Like many animal liberationists, I came to an understanding of the plight of our animal kin through Peter Singer’s Animal Liberation. Many people are surprised to learn that this “father of the modern animal rights movement” did not argue that nonhuman animals have rights, at least not in the moral, philosophical sense. That case was to be made powerfully and convincingly less than a decade later by Tom Regan. In The Case for Animal Rights, Regan presented what was basically one long sustained and rigorous argument for animal rights of the actual moral and philosophical kind.

Since its publication in 1983, in many ways, the book has stood in the shadow of Animal Liberation. Yet for those less-than friendly to Singer’s utilitarian framework, The Case for Animal Rights provided a sound foundation upon which animal liberationists could make a case for rights—inviolate rights—for nonhuman animals.
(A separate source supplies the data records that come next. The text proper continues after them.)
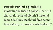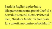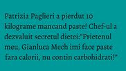 In ultimul an, Patrizia Paglieri, celebrul MasterChef din emisiunea de gatit a reusit sa-si slefuiasca corpul aducandu-l la dimensiunile din adolescenta. Desi multi si-ar putea imagina ca in spatele transformarii sale uluitoare se afla o dieta super drastica, in realitate procesul de slabire nu a fost atat de restrictiv. Totul se datoreaza nutritionistului Gianluca Mech, prietenul italian al Patriziei Paglieri, cunoscut in toata lumea pentru retetele sale de slabit, bazate pe plante, dar si pentru pastele fara carbohidrati pe care el le-a inventat.
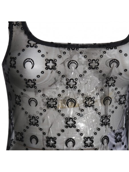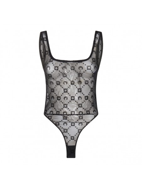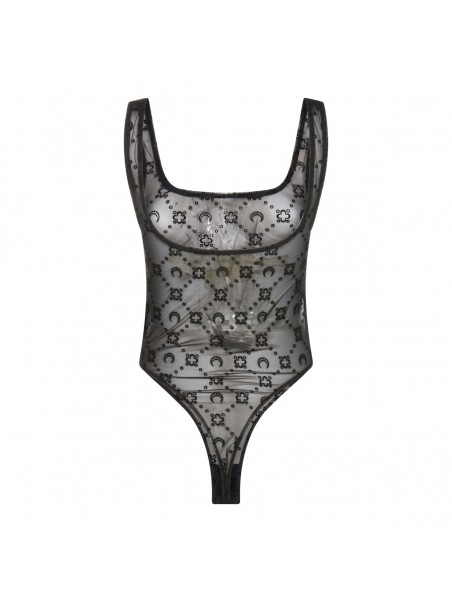 Black bodysuit from Marine Serre featuring square collar, sleeveless, thin straps, all-over logo texture, trasparence and slim fit.
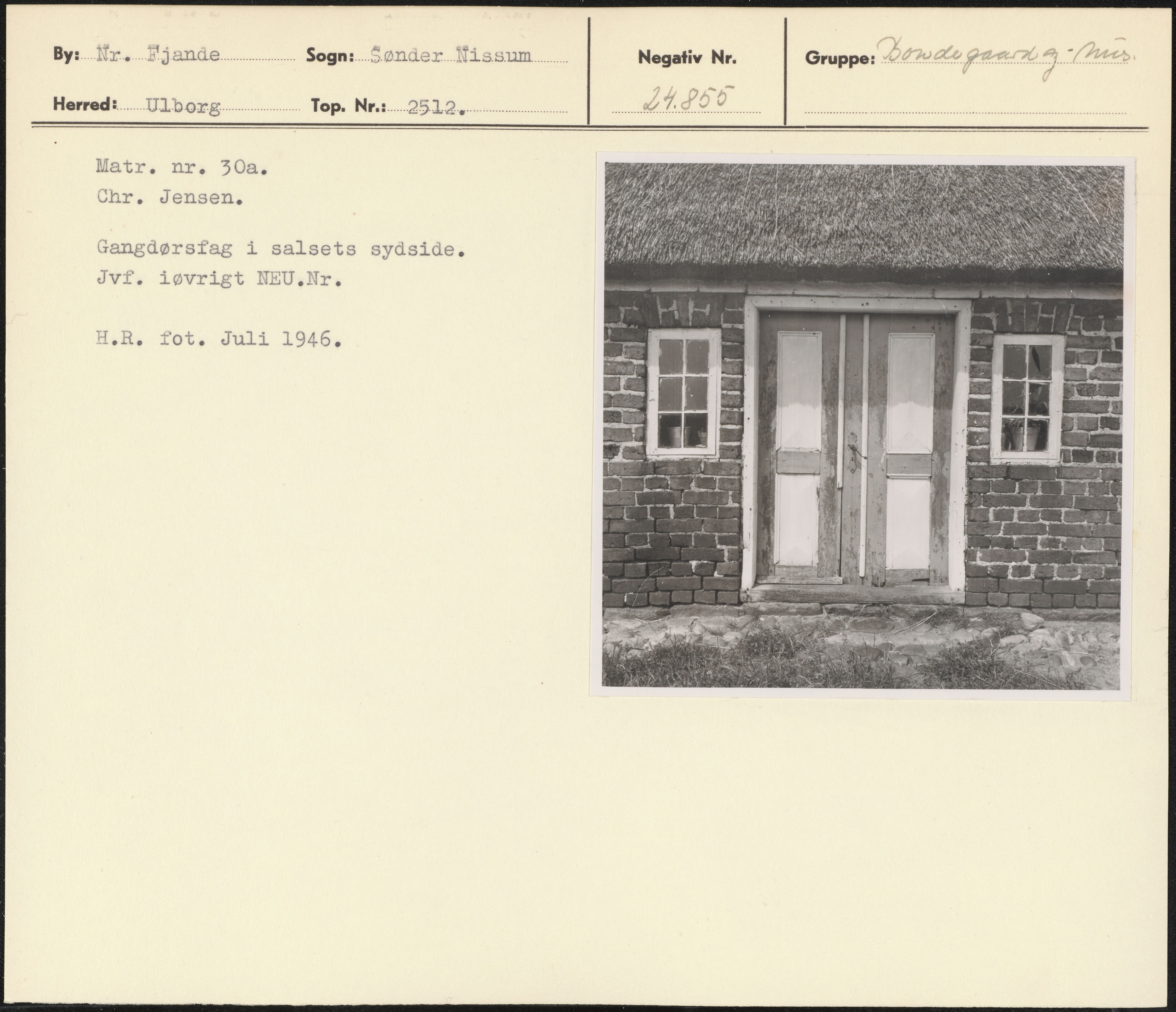 Maskingenkendt tekst fra arkivkort. Matr. nr. 30a. Chr. Jensen. Gangdørsfag 1 salsets sydside. Jvf. iøvrigt NEU.Nr. H.R. fot. Juli 1946.
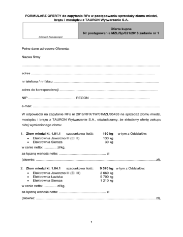 FORMULARZ OFERTY do zapytania RFx w postępowaniu sprzedaży złomu miedzi, brązu i mosiądzu z TAURON Wytwarzanie S.A. Oferta kupna Nr postępowania MZL/Sp/021/2016 zadanie nr 1 (pieczęć Kupującego) Pełne dane adresowe Oferenta: Nazwa firmy ................................................................................................................................................... adres .................................................................................................................................... nr telefonu / nr faksu ................................................................................................................ adres do korespondencji ......................................................................................................... NIP .................................................. REGON ............................................................... e-mail: ....................................................................................................................................... W odpowiedzi na zapytanie RFx nr 2016/RFX/TW/01MZL/05433 na sprzedaż złomu miedzi, mosiądzu i brązu z TAURON Wytwarzanie S.A., oświadczamy, że składamy ofertę zakupu niżej wymienionego złomu: 1. Złom miedzi kl. 1.01.1 szacunkowa ilość: Elektrownia Jaworzno III (El. II) Elektrownia Siersza 160 kg 130 kg 30 kg w tym z Oddziałów: w cenie netto: …..……. zł/kg, za łączną wartość netto: .................................................. zł (słownie: ................................................................................................................................zł), 2. Złom miedzi kl. 1.04.1 szacunkowa ilość: Elektrownia Jaworzno III (El. III) Elektrownia Łaziska Elektrownia Siersza 9 570 kg w tym z Oddziałów: 2 660 kg 5 700 kg 1 210 kg w cenie netto: …..……. zł/kg, za łączną wartość netto: .................................................. zł (słownie: ................................................................................................................................zł), 1 3. Złom mosiądzu kl. 1.12.1 szacunkowa ilość: Elektrownia Jaworzno III (El. III) 200 kg 200 kg z Oddziału: w cenie netto: …..……. zł/kg, za łączną wartość netto: .................................................. zł (słownie: ................................................................................................................................zł), 4. Złom brązu kl. 1.13.6 szacunkowa ilość: Elektrownia Jaworzno III (El. III) 35 kg 35 kg z Oddziału: w cenie netto: …..……. zł/kg, za łączną wartość netto: .................................................. zł (słownie: ................................................................................................................................zł). Łączna wartość netto za cały przedmiot zamówienia (poz. 1, 2, 3 i 4): netto: .....................................zł (słownie: ...............................................................................................................................zł). Oświadczenia Oferenta: Oświadczamy, że uważamy się za związanych niniejszą ofertą do 60 dni od daty zakończenia postępowania. Deklarujemy dokonywanie przedpłat (zaliczek) na zakup złomu w formie przelewu przed odbiorem złomu. Oświadczamy, że zapoznaliśmy się z projektem umowy oraz zobowiązujemy się do jej podpisania w przypadku wyboru naszej oferty, pod rygorem utraty wadium. Deklaracja o odbiorze planowanej do sprzedaży ilości złomu w terminie wskazanym przez Sprzedającego w ust 1. Ogłoszenia. Oświadczamy, że dokonaliśmy oględzin złomu. Oświadczamy, że treść dokumentów załączonych do oferty jest zgodna ze stanem faktycznym. W złączeniu (w postaci plików dołączonych do oferty): skan potwierdzenia wpłaty wadium, skan aktualnego odpisu KRS lub z CEiDG skan aktualnego zaświadczenia o nadaniu numerów NIP, REGON, skan aktualnego zezwolenia na prowadzenie działalności w zakresie zbierania odpadów skan aktualnego zezwolenia na transportu odpadów lub oświadczenie o zleceniu usługi transportowej podwykonawcy wraz z kserokopią jego aktualnego zezwolenia na transport w/w odpadów, skan aktualnej polisy ubezpieczenia OC w zakresie prowadzonej działalności. ........................................... dnia ......................... (miejscowość) .............................................................. (podpis Oferenta lub jego pełnomocnika) 2
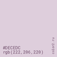 Цвет #DECEDC в цветовой модели RGB обозначается тремя октетами (222, 206, 220) в десятичном формате и #DECEDC в шестнадцатиричном (hex) формате, которые являются интенсивностью красного 222 (hex DE), интенсивность зелёного 206 (hex CE) и интенсивность синего 220 (hex DC).
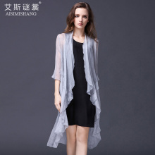 艾斯谜裳2017夏季新款真丝披肩外套防晒衣女中长款百搭空调衫风衣
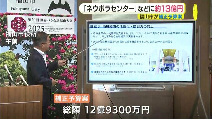 これは福山市の 枝広直幹 市長が会見で明らかにしたもので、補正予算案の総額は12億9300万円。
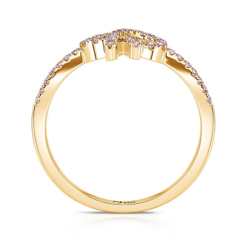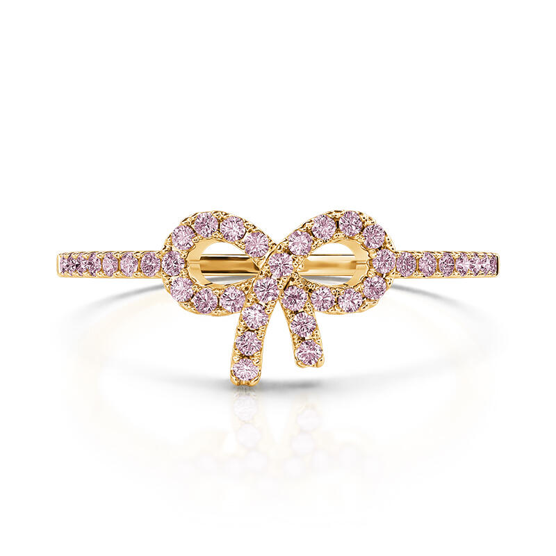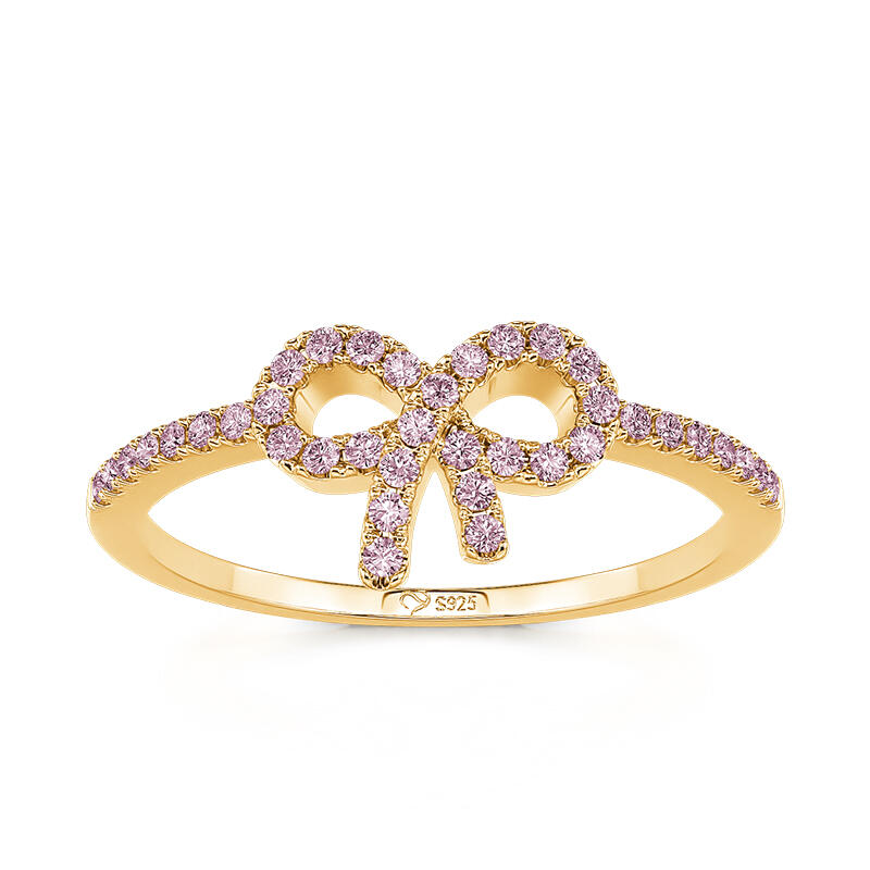 Jeulia Simple Pink Pave Bow Ring Sterling Silver Gold Tone
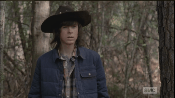 Carl peers around, looking for Enid, when he hears her voice call out, “Carl.” He looks around, does not see her. “I know you’re following me…again,” Enid’s voice continues. As Carl peers around, looking for her, Enid says, “And you’re going the wrong way.”
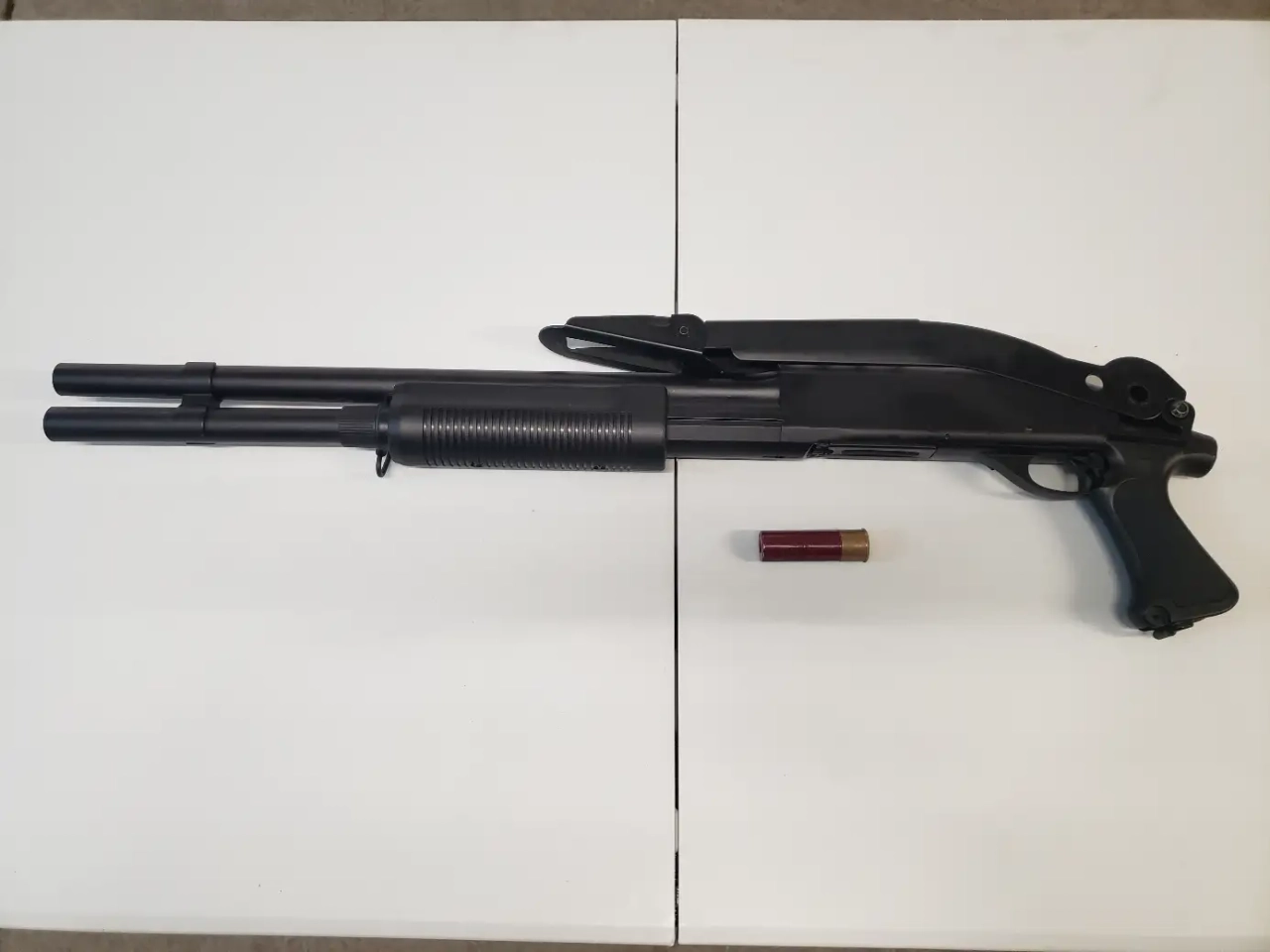 - Fusil à pompe CM350 Long CYMA Spring, matière plastique et métal, puissance 250 fps. Chargeur douille 30 billes (10 tir de 3 billes)

Though broadly Kantian, Regan’s approach rejected the notion (central to Kant’s moral framework) that only “rational” beings (i.e., for all intents and purposes, humans) possess moral value. By contrast, Regan argued that what mattered morally is not rationality per se, but the capacity to be the subject of experiences. However, not just any kind of subjective experience warrants inherent value. To possess inherent value and consequently, moral rights, requires that one has the capacity to be the subject of experiences that matter to oneself, what Regan famously termed being the subject of a life. This view, that the capacity for this kind of subjective experience confers upon its possessor inherent value, is both intuitive and meticulously argued for in the book. I cannot tell you how many times I have referred to that passage on p. 243 of his book (I know the page number by heart) where Regan outlines which physiological, emotional, psychological, and cognitive capacities—over and above mere sentience—make one the subject-of-a-life. So impressed was I by this aspect of Regan’s view that my doctoral dissertation, focused on the moral significance of animal cognition, came about in no small part due to my simply trying to flesh out the moral ramifications of that passage. Of course, critics rightly pointed out how even such a thoroughly worked out view had blind spots, lacunae that Regan himself eventually came to fill then build upon.

Tom Regan was a pioneer in the struggle for the liberation of animals from the bonds of institutional and systemic violence, oppression, and domination. Though I never met the man, by all accounts he was what Aristotle would have called a person of great virtue, a warm, kind, compassionate human being. The world is a darker place now that he has left us, but fortunately Tom Regan left behind a profound and indispensable body of work to act as a beacon for animal liberationists to follow.